The Edinburgh-based FTSE 100 oil plans to hand Sir Bill Gammell, its chief executive who is stepping up to chairman, some £4.9m

The stage is being set for a key test of investors’ appetite to fight over executive pay: Cairn Energy.

The Edinburgh-based FTSE 100 oil company plans to hand Sir Bill Gammell, its chief executive who is stepping up to chairman, some £4.9m. The handout takes the form of an award of 940,321 shares for Gammell, valued at about £2.5m, which vest after three years and are not subject to any performance criteria. Another £1m is being handed to him which will be given to charities of his choice.

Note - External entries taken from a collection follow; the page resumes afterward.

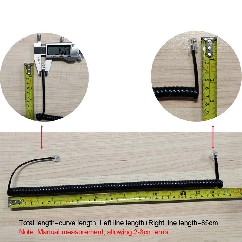 При нормальных условиях общая длина телефонной линии = длина изогнутой части около 68 см + длина левого конца около 10 см + длина правого конца 6 см. Таким образом, общая длина телефонной линии составляет около 80-85 см в нормальных условиях, а общая длина составляет 5 метров после того, как она была полностью втянута в прямую линию.
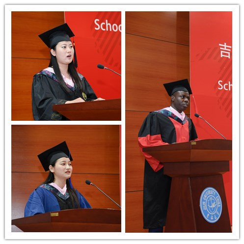 接下来,本科毕业生代表张恒同学、硕士研究生代表戴淑婷同学和留学生毕业生代表小布同学分别发言,代表自己的同学抒发毕业感言。张恒同学说到珍贵的大学时光为同学们与众不同的精彩人生注入了无限的力量,感谢学院赋予了学生逐梦的翅膀,感谢母校为学生们提供了追梦的平台。她勉励同学们在今后的学习和生活中不忘初心,不断突破自我,在治学、处事、为人各方面超越昨天的自己,开启全新的旅程。戴淑婷同学在发言中感慨学院日新月异的蓬勃发展,她表示学院不仅教会学生知识,还为同学们提供了一个多民族、多文化的国际化交流与对话平台,让学生们了解不同民族、宗教与文化,能够以更广博的眼光、更谦逊的态度去看待这个世界。学院教会学生们要常怀对知识、对世界的敬畏之心,这些来自学院各位老师的栽培将是学生们一生中最宝贵的财富。来自加纳的博士研究生小布(BRIGHT LUMOR MENSAH)同学代表毕业留学生感谢学院和看片狂人
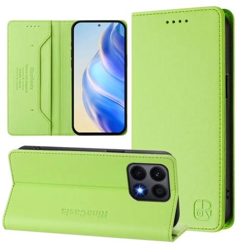 Funda de Cuero Rfid para Honor X8A Global Rc01 con Doble Pliegue y Succión Magnética (Verde Hierba)
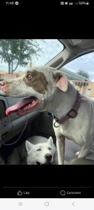 Breed: Pit bull Color: White
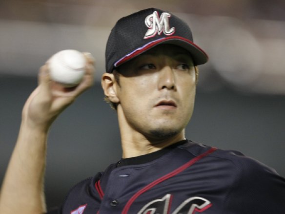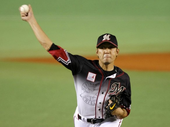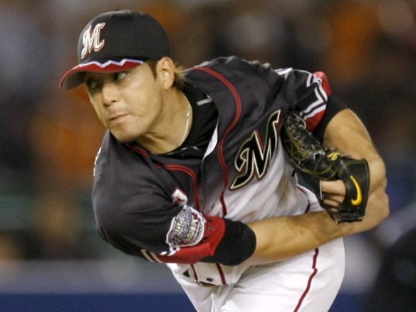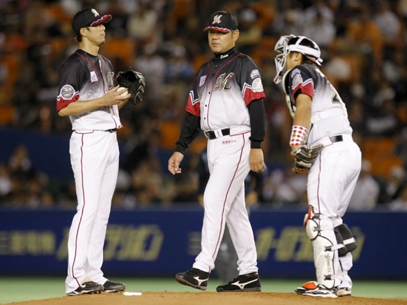 先頭の里崎がヒットで出塁しましたが、西岡のピッチャー返しの打球が不運にも併殺打になってしまい、結局3人で攻撃を終えました。まずは守備からリズムを作って、試合の流れをマリーンズにたぐり寄せたい!  |
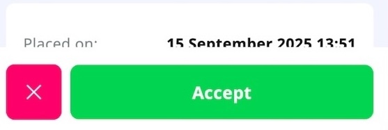 - If you cannot fulfill an order, tap the Red X (Decline) button.
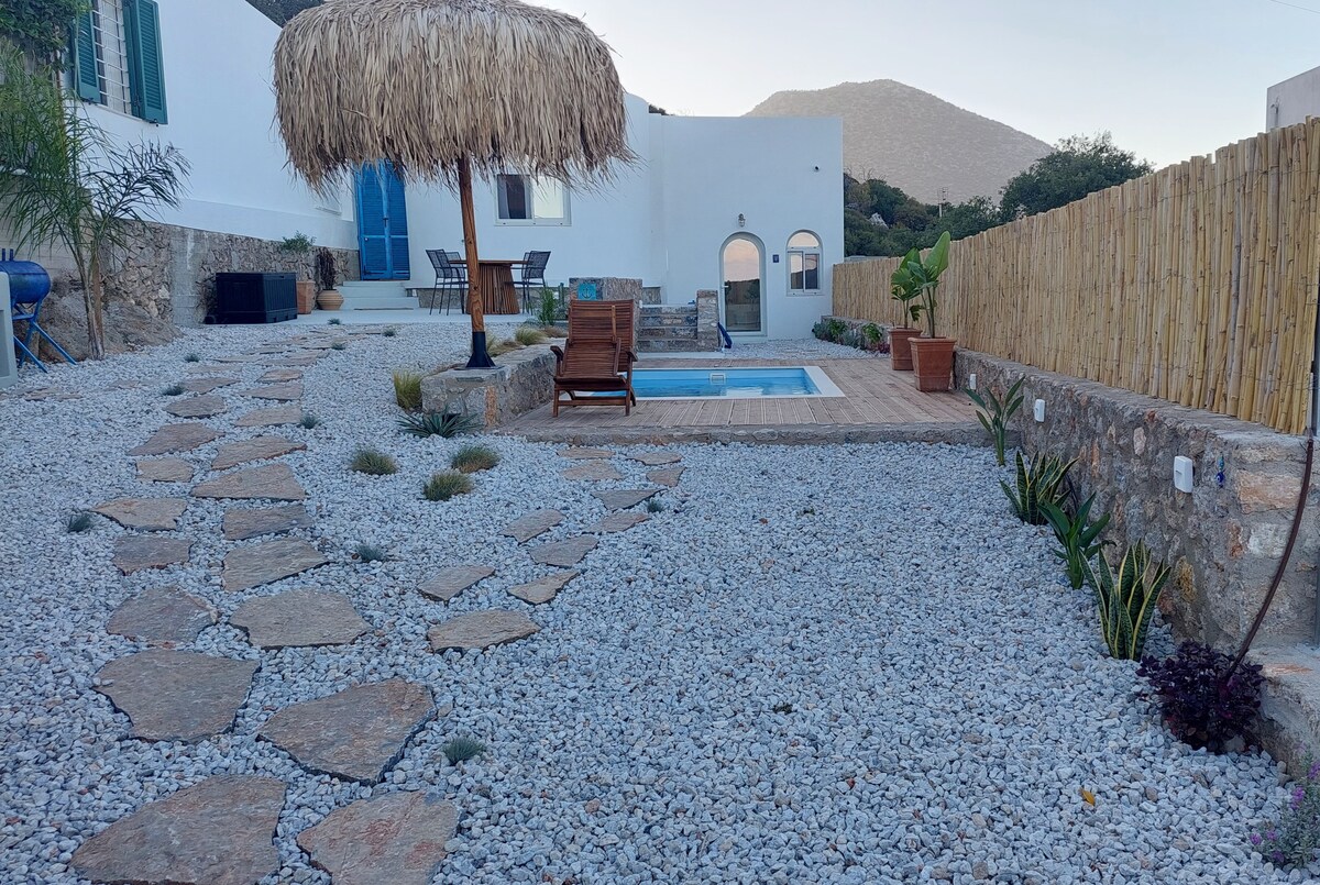 Boho-chic newly renovated sea view holiday residence . Two ensuite double bedrooms with tranquil living area. Fully equipped kitchen + coffee machine. 200 m / 5 min walk to Ammoudara sandy beach. Private pool ( May-November ) in spacious garden. Large patio. Garden furniture. Outdoor kitchen / BBQ area overlooking the sea and the beach tavernas. Back natural flora garden, a perfect relaxation area with sea views. 5 min drive from Agios Nikolaos center. 45 min from Heraklion airport. Parking.
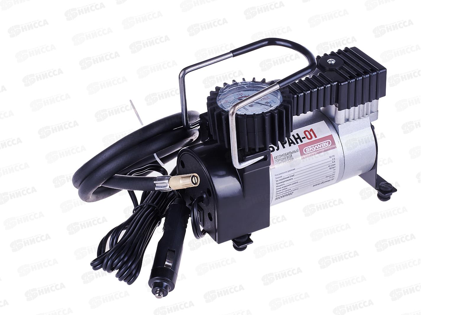 Код:464335; Компрессор автомобильный металлический 40л/мин в прикуриватель SKYWAY БУРАН-01N Малые габариты, сумка, фиксатор давления, 10атм, S
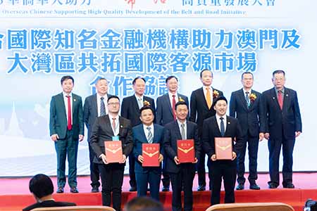 會上舉行了《聯合國際知名金融機構助力澳門及大灣區共拓國際客源市場合作協議》簽署儀式,劉雅煌、黃景城、陳冠勤、劉紅路、南方科技大學金融系主任王樹勳教授見證下,由澳航董事會主席陳洪、中國太平保險(澳門)副總經理陳日湘、英國勞合社授權機構IPH環球保險營運總監黃子龍、大灣區金融發展協會理事長陸仁山共同簽署。協議內容為通過多個社團與國際金融機構合作,共同為每位乘搭澳門航空入境的國際旅客,來澳首5天內提供1,000萬的安心旅遊健康醫療保障,承保總額高達60,000億澳門元,是全球首創大額旅遊保障計劃,未來將陸續推出“1+4”產業各類型保險產品,助力構建澳門開拓國際客源市場及推動經濟產業多元化。
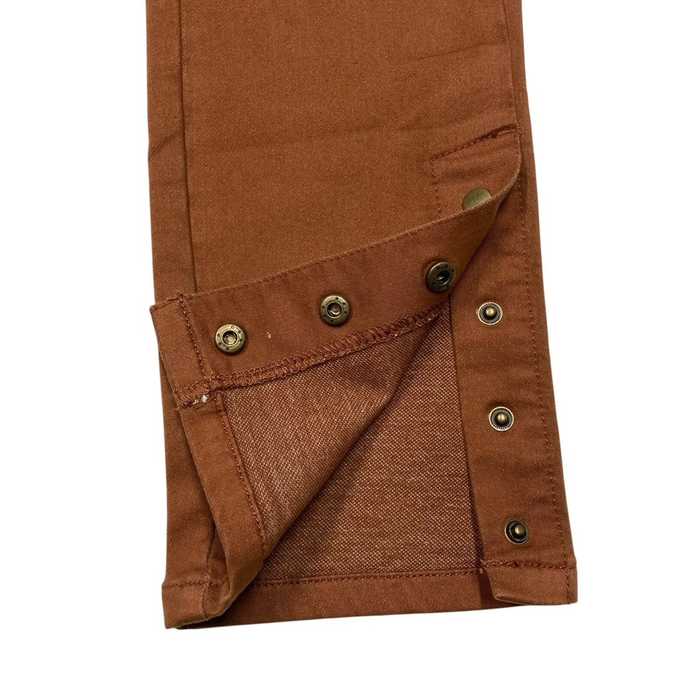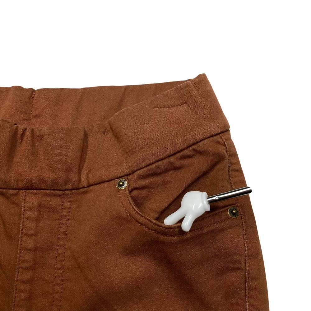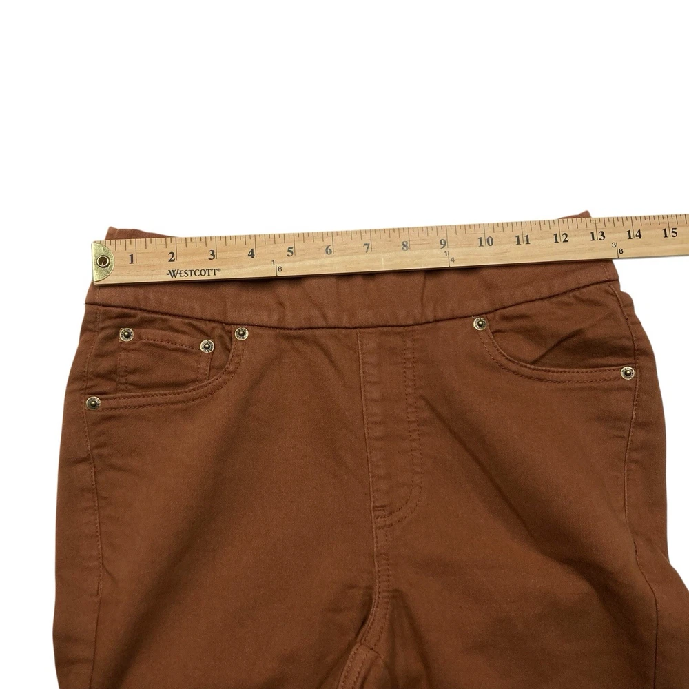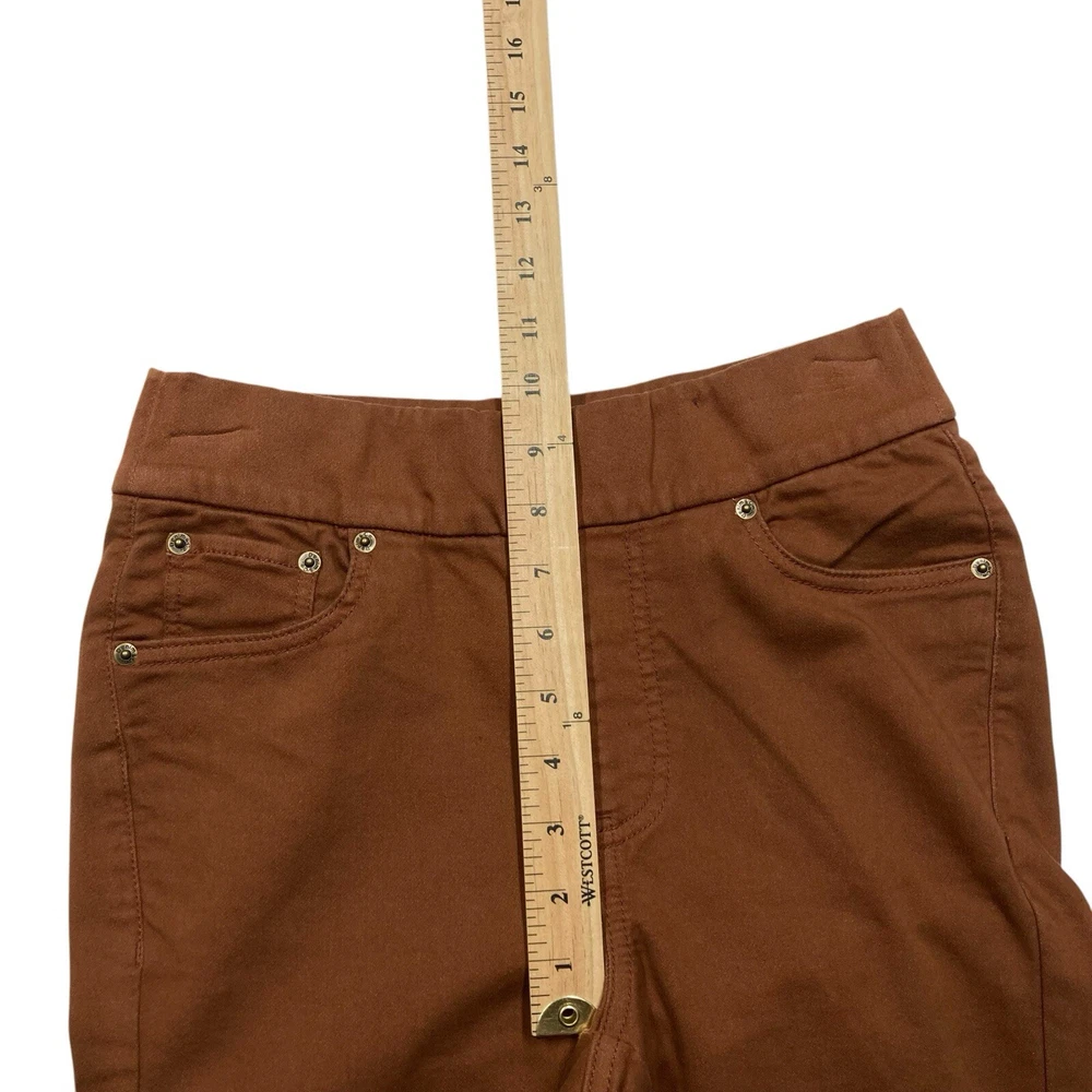 These Denim & Co. jeans are designed for women in size XXS with a rustic orange color. They feature a solid pattern, mid-rise fit, and elastic waist for easy pull-on styling. The jeans have a straight leg style, 5-pocket design, and are made of a cotton blend material. Perfect for winter, summer, fall, and spring seasons.
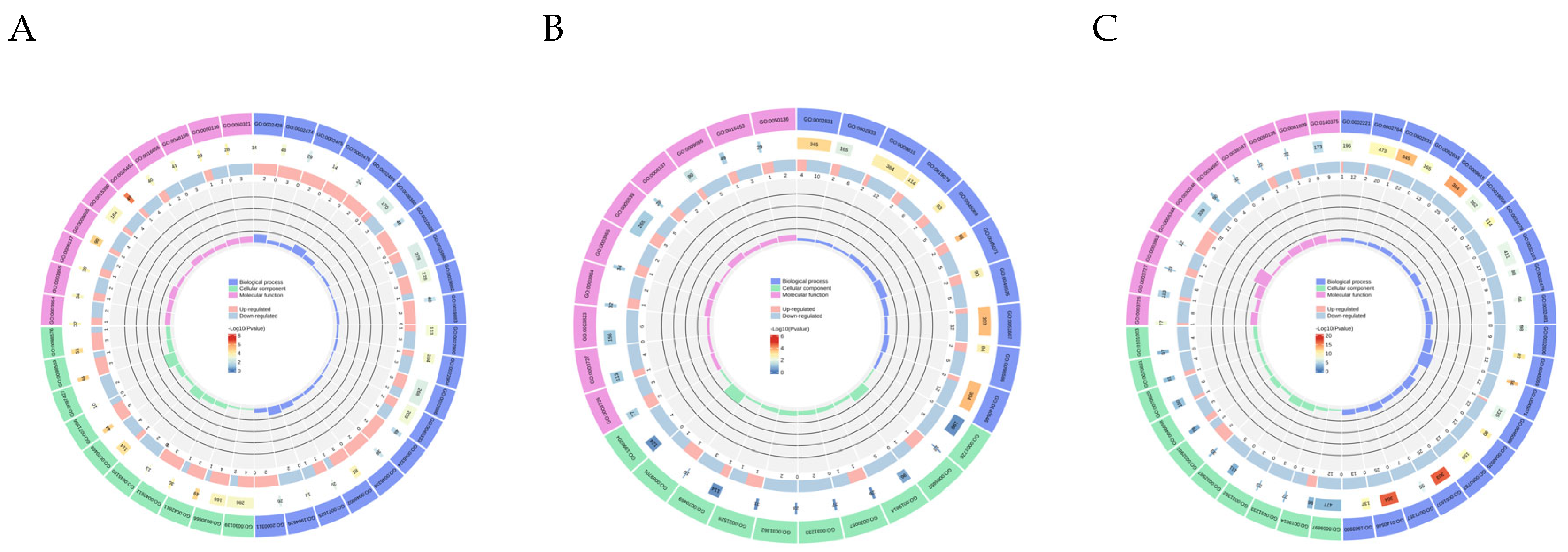 3.3.3. DEmRNA-DEmiRNA Correlation Analysis and Functional Analysis of Target Genes

Some £1.4m is also due to Gammell, according to the company, because as he is no longer going to be chief executive he is entitled to his contractual entitlement for the year – salary, benefits and bonus for 2010/11.

The company believes the contractual payment was necessary because the company was in the midst of a restructuring, with its part of Cairn India being sold to Vedanta and it wanted to motivate Gammell to get the deal done by 15 December 2011 – a date which was later than expected because it had been delayed by the regulatory requirements in India.

Gammell, a former Scottish rugby international, has built the company into a FTSE 100 company after buying exploration sites in India, for £4.5m, that Royal Dutch Shell had given up hope on. It is the sale of these – for £6.5bn – that is now allowing the company to make a major distribution to shareholders and requiring the extraordinary general meeting taking place in Edinburgh on 30 January.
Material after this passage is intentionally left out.